The ProcessingUnit uses an execution context on which to run the process: we can represent this with a protocol and make DispatchQueue conform to it:

protocol Context {
    func execute(_ call: @escaping () -> ())
}

extension DispatchQueue: Context {
    func execute(_ call: @escaping () -> ()) {
        async {
            call()
        }
    }
}

A Collector class will receive all the T values and combine them together: the requirement on T, in this case, is for it to be a monoid, so it has an .empty value and a <> associative composition operation.

class Collector<T: Monoid> {
    private var current: T = .empty
    func append(_ value: T) {
        current = current <> value
    }
}

Finally, a Distributor class will distribute the work to processing units:

class Distributor {
    let serialContext = DispatchQueue.init(label: "serial")
    
    func distribute<T>(process: Process<T>, to collector: Collector<T>) {
        ProcessingUnit.init(context: serialContext).execute(process, onComplete: collector.append)
    }
}

Notice that, if the only constraint that we impose on T is Monoid (in the code above the requirement is implicit) we cannot do much more than distributing the work on a serial queue, because we need the processes to run and complete in the same order as they're passed to the distributor.

An improvement over this would be if T was a CommutativeMonoid: in this case the <> operation is declared to be commutative, which means that the order of composition doesn't matter.

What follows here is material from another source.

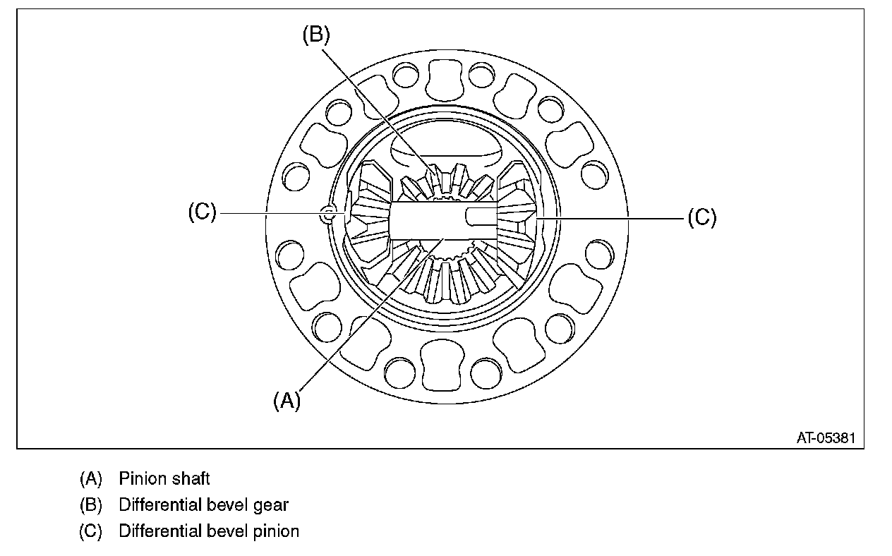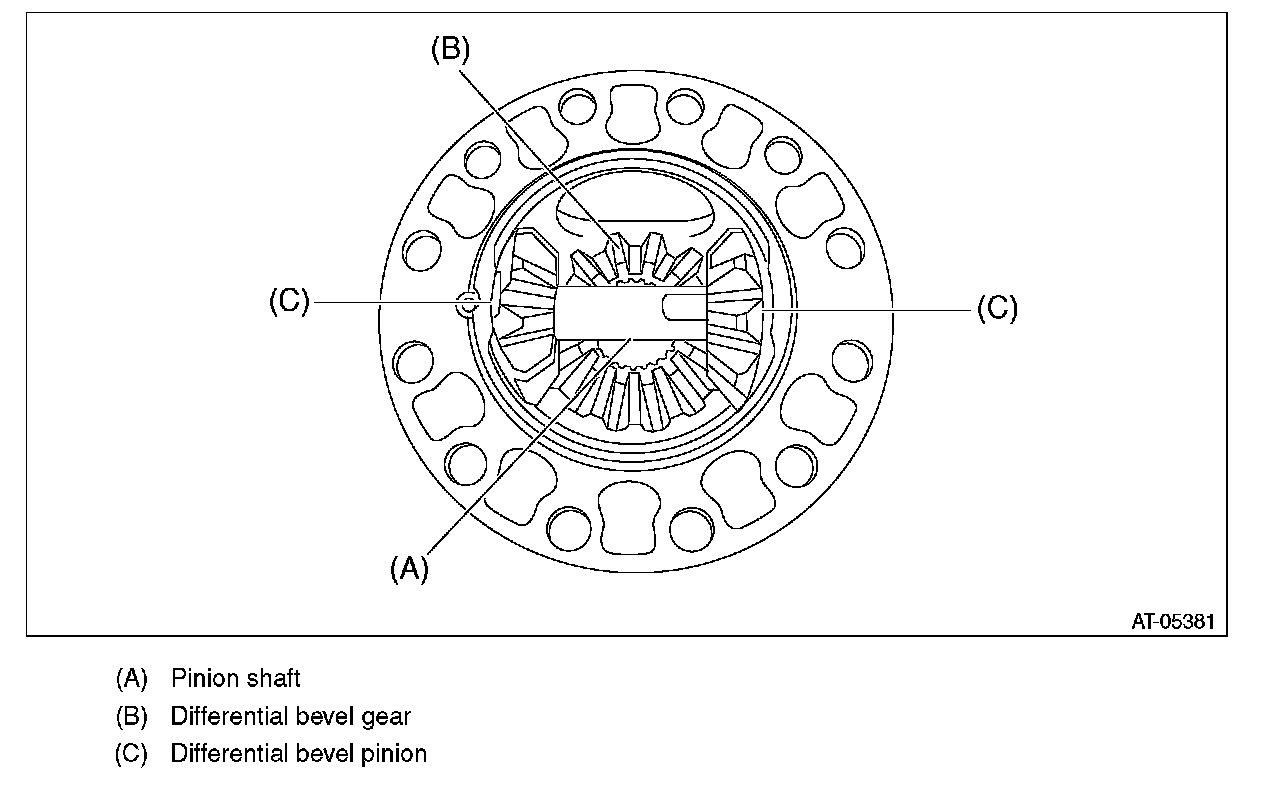6) Remove the pinion shaft, then remove the differential bevel gear, washer and differential bevel pinion.

This way we can distribute work over a concurrent queue: even if a process ends before one that started earlier, the commutativity will insure that the composition still makes sense.

class Distributor {
    let concurrentContext = DispatchQueue.init(label: "concurrent", attributes: .concurrent)
    
    func distribute<T>(process: Process<T>, to collector: Collector<T>) where T: CommutativeMonoid {
        ProcessingUnit.init(context: concurrentContext).execute(process, onComplete: collector.append)
    }
}

To make further improvements we could consider the case of actually distributed executions on stateless, uncoordinated contexts that could fail, restart and execute more than once. If T were a BoundedSemilattice we could actually make this kind of context work anyway because the composition operation, other than commutative, would be declared idempotent, that is, applying it twice would be the same as applying it once.

class Unreliable: Context {
    func execute(_ call: @escaping () -> ()) {
        /// could call more than once
    }
}

class Distributor {
    let unreliableContext = Unreliable()
    
    func distribute<T>(process: Process<T>, to collector: Collector<T>) where T: BoundedSemilattice {
        ProcessingUnit.init(context: unreliableContext).execute(process, onComplete: collector.append)
    }
}

By clearly defining the composition semantics of T we can make assumptions that allow us to be more efficient and less constrained. But making T conform to BoundedSemilattice, CommutativeMonoid or even Monoid will require that the composition operation on T respects some laws like commutativity: Abstract provides functions, defined in the Law namespace, that will allow one to test a type against these laws, thus proving that the type has the required semantics.